Como cansei de presenciar em outras circunstâncias, Januário Garcia registrava tudo. A cena lembrava dos mergulhadores de apneia: tomava ar e descia às profundezas. O fotógrafo mirava o alvo, refletia, apertava o olho no visor e depois se afastava para ver o resultado na tela. Januário ia ao fundo.
Acompanhado de uma pequena equipe da MultiRio, fui ouvir o mestre. Gostaria que ele traduzisse para o espectador o que representava aquela condecoração ao maior porto de entrada de pessoas escravizadas nas Américas.

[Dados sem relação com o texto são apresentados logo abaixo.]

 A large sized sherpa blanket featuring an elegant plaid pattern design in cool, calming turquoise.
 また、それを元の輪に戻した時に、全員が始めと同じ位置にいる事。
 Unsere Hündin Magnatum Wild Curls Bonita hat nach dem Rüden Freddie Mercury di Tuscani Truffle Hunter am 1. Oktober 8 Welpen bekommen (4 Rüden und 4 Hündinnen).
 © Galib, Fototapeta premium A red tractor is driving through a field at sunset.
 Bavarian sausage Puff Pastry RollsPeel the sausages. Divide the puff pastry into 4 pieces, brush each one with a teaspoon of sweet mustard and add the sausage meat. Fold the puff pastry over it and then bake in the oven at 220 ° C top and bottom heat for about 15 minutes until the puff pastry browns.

“É um reconhecimento da nossa luta, é um reconhecimento desses anos todos que lutamos nesse país…É recontar essa história do Brasil que não foi contada. Nós conhecemos a história do caçador, mas na hora que o leão começar a escrever, vai ser difícil. Esse é o nosso caso. Nós estamos começando a escrever a nossa história”, riu graciosamente o mineiro de Belo Horizonte.
Januário foi incansável na recontagem dessa e de muitas outras histórias. Foi importante peça nas inúmeras batalhas do movimento negro. Organizou exposições sobre temas sensíveis à memória de pessoas escravizadas. Nos brindou com livros sobre a cultura afro-brasileira.Foi presidente do Instituto de Pesquisas das Culturas Negras (IPCN).

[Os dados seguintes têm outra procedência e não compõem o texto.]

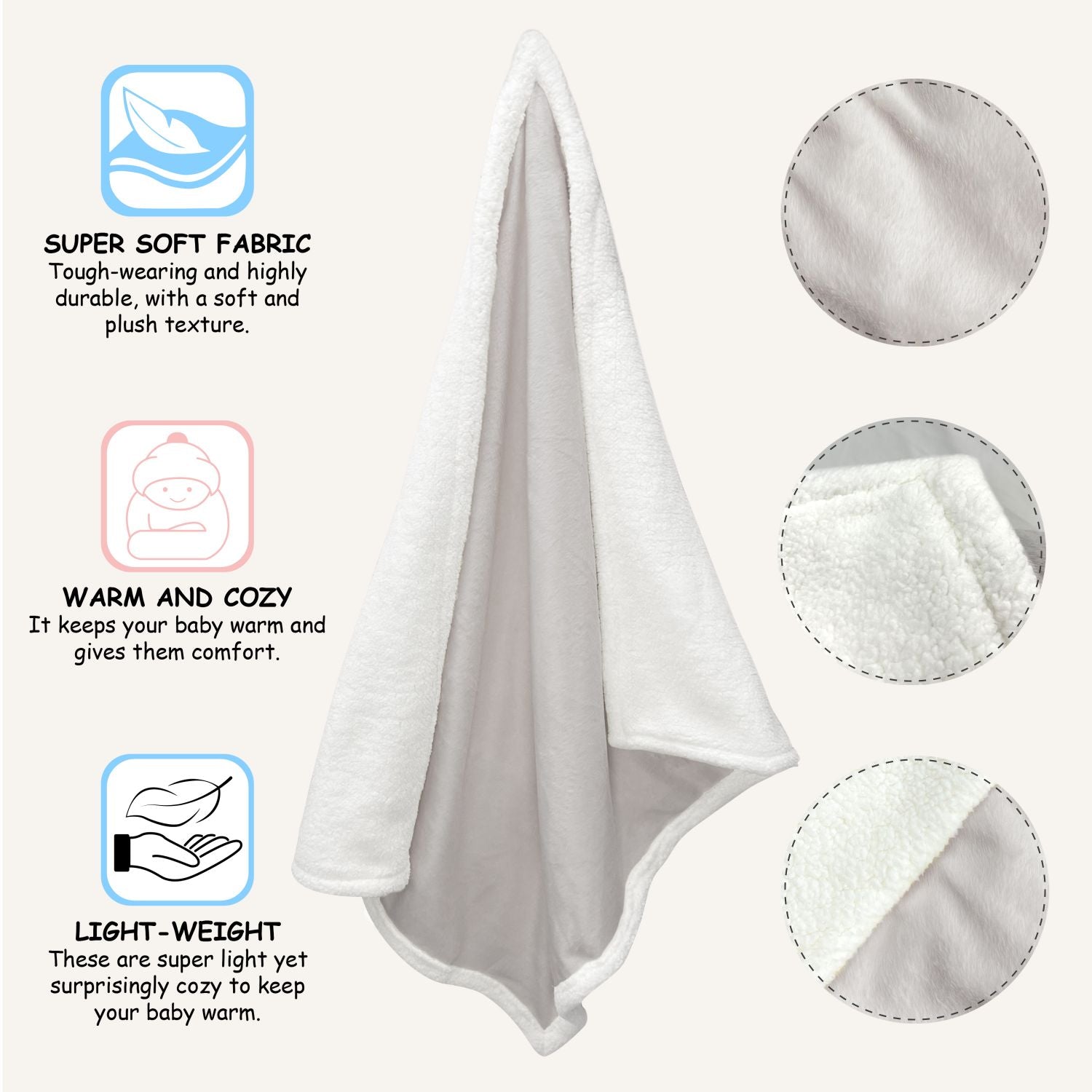 Our chamois blankets are super soft and luxurious, the perfect cuddle companion for your little one! Designed with a sherpa back and a mink top, these blankets are warm, cozy and pillow-y soft. Great for gifting and a necessity for naptime, traveling, tummy time and for the warmest of snuggles. A great size which can go in your baby's cot, cradle, stroller or car seat, ensuring that your little one enjoys comfort at all times!

As fotos de capas de discos costumavam ser obras de arte – levando esse talento brasileiro para o exterior. Quem contribuiu e muito para isso foi Januário. “Alucinação”, de Belchior, e “Cores Nomes”, de Caetano Veloso, por exemplo, têm a assinatura dele.
No tal encontro no Cais do Valongo, ele repetiu uma de suas frases mais célebres: “existe uma história do negro sem o Brasil. O que não existe é uma história do Brasil sem o negro”.

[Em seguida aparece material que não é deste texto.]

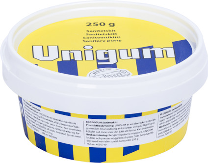 Unigum är ett icke-härdande, syntetiskt gummikitt helt fritt från organiska lösningsmedel. Det används i första hand för tätning vid anslutning av toalettstolar, köksavlopp och vid installation av stålvaskar. Det kan dessutom användas för många andra ändamål där ett smidigt, vidhäftande och icke-härdande kitt är önskvärt. Unigum kan även användas utomhus för tätning av takrännor, stuprör, takbeläggningar av eternit, plåt m m. Unigums goda vidhäftningsförmåga gör det möjligt att använda det på så olika material som metall, trä, glas, betong, plast o s v. Eftersom avloppskittet aldrig härdar förblir det smidigt och påverkas ej av materialrörelser. Det är lätt att forma även när det är kallt. Kittet är väderbeständigt, det klibbar inte fast på fingrarna och det kan målas över.
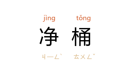 引《西游记·第一八回》:「行者跳起来,坐在净桶上。」《红楼梦·第一二回》:「心下正盘算,只听头顶上一声响,嗗拉拉一净桶尿粪从上面直泼下来,可巧浇了他一头一身。」

Nas redes sociais, inúmeros amigos repercutem a morte do artista, de complicações da Covid-19, aos 77 anos.
“Janu, para os íntimos, era um grande fotógrafo, militante político e do movimento negro, figura querida por todos, um exemplo de caráter, honestidade e pessoa, escreveu no Instagram o presidente do Detran Adolpho Konder..
“Muita tristeza! Acabamos de perder para a Covid-19 uma referência na luta antirracista, uma inspiração para minha geração. Januario Garcia, o Janu, fotografou nossa história por décadas. Obrigada por tudo! #RIP”, lamentou a jornalista Luciana Barreto, atualmente na CNN.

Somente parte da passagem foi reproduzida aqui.